Whether to use dropout Monte Carlo dropout (i.e., Bayesian approximation) during inference

dropout_probfloat in (0, 1), optional, default: 0.05

The dropout probability. Only has effecft if dropout=True or mc_dropout=True

output_activationcallable, optional, default: tf.nn.softmax

The activation function to apply to the network outputs. Important: Needs to have positive outputs and be bounded between 0 and 1.

**kwargsdict, optional, default: {}

Optional keyword arguments (e.g., name) passed to the tf.keras.Model __init__ method.

call(condition, return_probs=True, **kwargs)[source]#

Forward pass through the network. Computes approximated PMPs given a batch of data and optional concatenated context, typically passed through a summary network.

Parameters:
conditiontf.Tensor of shape (batch_size, …)

The input variables used for determining p(model | condition)

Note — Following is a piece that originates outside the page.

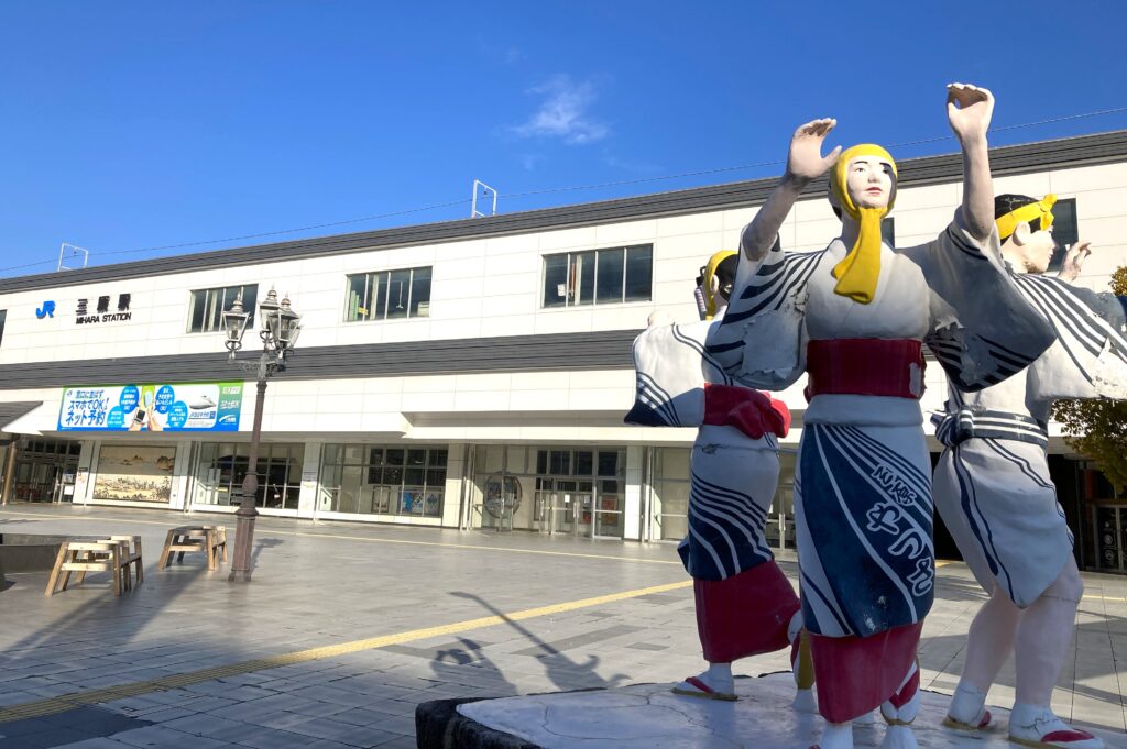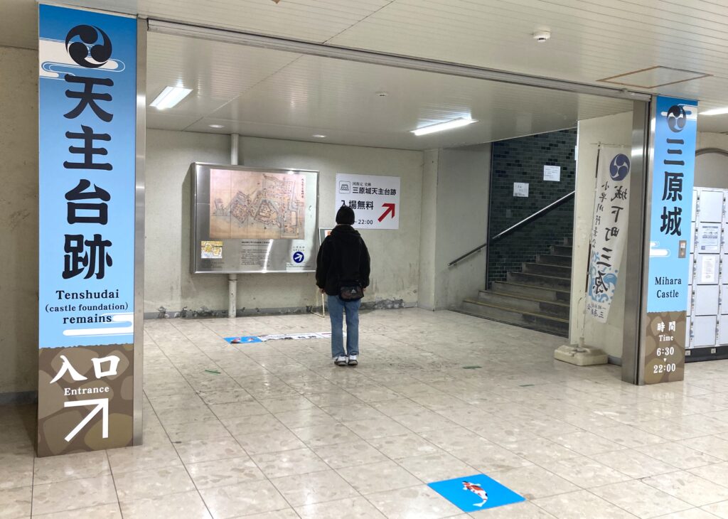 臨時バスで三原駅に帰り、駅構内から小早川隆景築城の三原城天守跡に上る。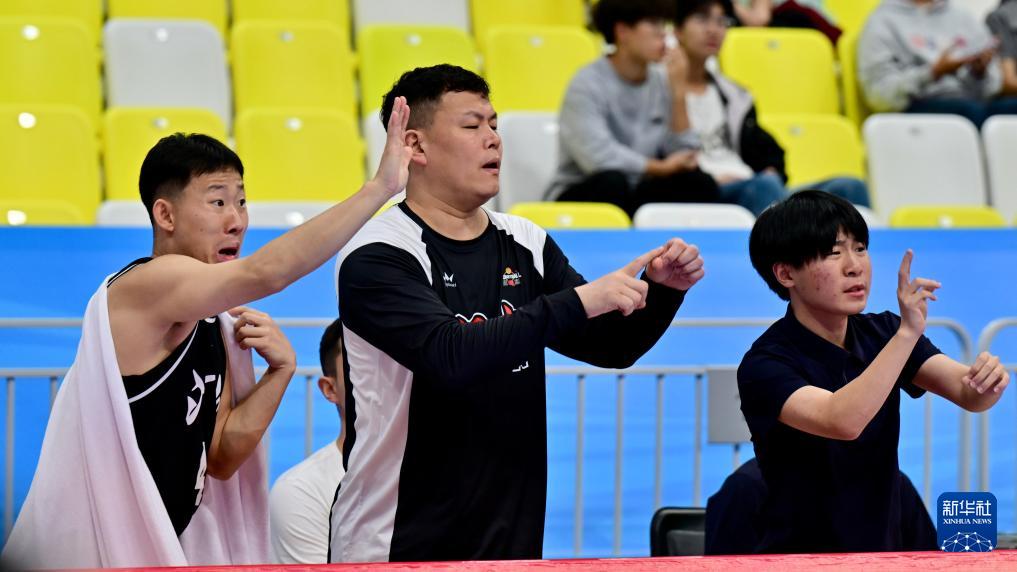 12月11日,在广东佛山举行的全国第十二届残疾人运动会暨第九届特殊奥林匹克运动会聋人篮球男子组小组赛A组比赛中,广东一团队109比56战胜河南队。图为河南队成员在场边使用手语与场上球员交流。 新华社记者 吴青昊 摄

return_probsbool, optional, default: True

Whether to return probabilities or logits (pre-activation, unnormalized)

Returns:
outtf.Tensor of shape (batch_size, …, num_models)

The approximated PMPs (post-activation) or logits (pre-activation)

posterior_probs(condition, **kwargs)[source]#

Shortcut function to obtain posterior probabilities given a condition tensor (e.g., summary statistics of data sets).

Parameters:
conditiontf.Tensor of shape (batch_size, …)

The input variables used for determining p(model | condition)

Returns:
outtf.Tensor of shape (batch_size, …, num_models)

The approximated PMPs

logits(condition, **kwargs)[source]#

Shortcut function to obtain logits given a condition tensor (e.g., summary statistics of data sets).

Parameters:
conditiontf.Tensor of shape (batch_size, …)

The input variables used for determining p(model | condition)

Returns:
outtf.Tensor of shape (batch_size, …, num_models)

The approximated PMPs

classmethod create_config(**kwargs)[source]#

Used to create the settings dictionary for the internal networks of the network. Will fill in missing.